Opinion
July 19, 1984
Order, Supreme Court, New York County (Louis Grossman, J.), entered October 26, 1983, denying plaintiff's motion for injunctive relief, granting defendants' cross motion to dismiss the complaint and canceling and discharging a lis pendens which had been filed against the premises, reversed, on the law, without costs or disbursements, the cross motion to dismiss denied, the complaint and notice of pendency reinstated and the motion for preliminary injunctive relief granted, enjoining and restraining defendants during the pendency of the action from conveying, exchanging, encumbering or otherwise transferring the premises known as 122 Water Street, New York, New York.

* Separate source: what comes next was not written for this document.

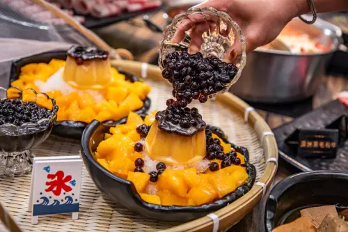 巴適經典麻辣鍋林口店除了季節限定吸睛的金枕頭榴槤吃到飽,本體其實是麻辣火鍋吃到飽,菜單還有頂級菲力牛、熟成翼板牛、安格斯五花牛、帝王牛、紐西蘭牛舌、草蝦和A級松阪豬等超過60種食材選擇吃到飽。

¶ The action was brought for specific performance of a right of first refusal or preemptive right, granted to Anthony DeLyra, the successful bidder at a referee's foreclosure sale held in 1967. By agreement entered into December 21, 1967, DeLyra assigned to Firestone his bid to purchase the property. In exchange, Firestone agreed to give DeLyra 30% of the net profits derived from operation or sale of the property, with Firestone to have "the sole and exclusive management of the subject property including the sole right to negotiate and consummate the sale or mortgaging of said property, provided, however, that in the event of a proposed sale ANTHONY DELYRA shall have the first right to purchase said property on the same terms and conditions as the original offer of the proposed purchaser." The agreement provided for notice to be given to DeLyra by certified mail, following which DeLyra was to be afforded a 10-day period within which to exercise his preemptive right.
¶ On June 10, 1981, appellant Anasae Realty Corp. obtained an assignment of DeLyra's right of first refusal, the sixth successive assignment of this preemptive right. Prior to this latest assignment, on April 16, 1980, respondent Joyce, the owner of the adjacent property, was granted a three-year option to purchase at a price of $325,000 during the first two years and $357,000 during the third year. On March 5, 1982, during the second year, Joyce exercised the option to purchase at the agreed price. Subsequently, there were negotiations to effect an exchange of property in lieu of a purchase, which, according to plaintiff, was designed to deprive it of its preemptive right to purchase the property "on the same terms and conditions as the original offer of the proposed purchaser."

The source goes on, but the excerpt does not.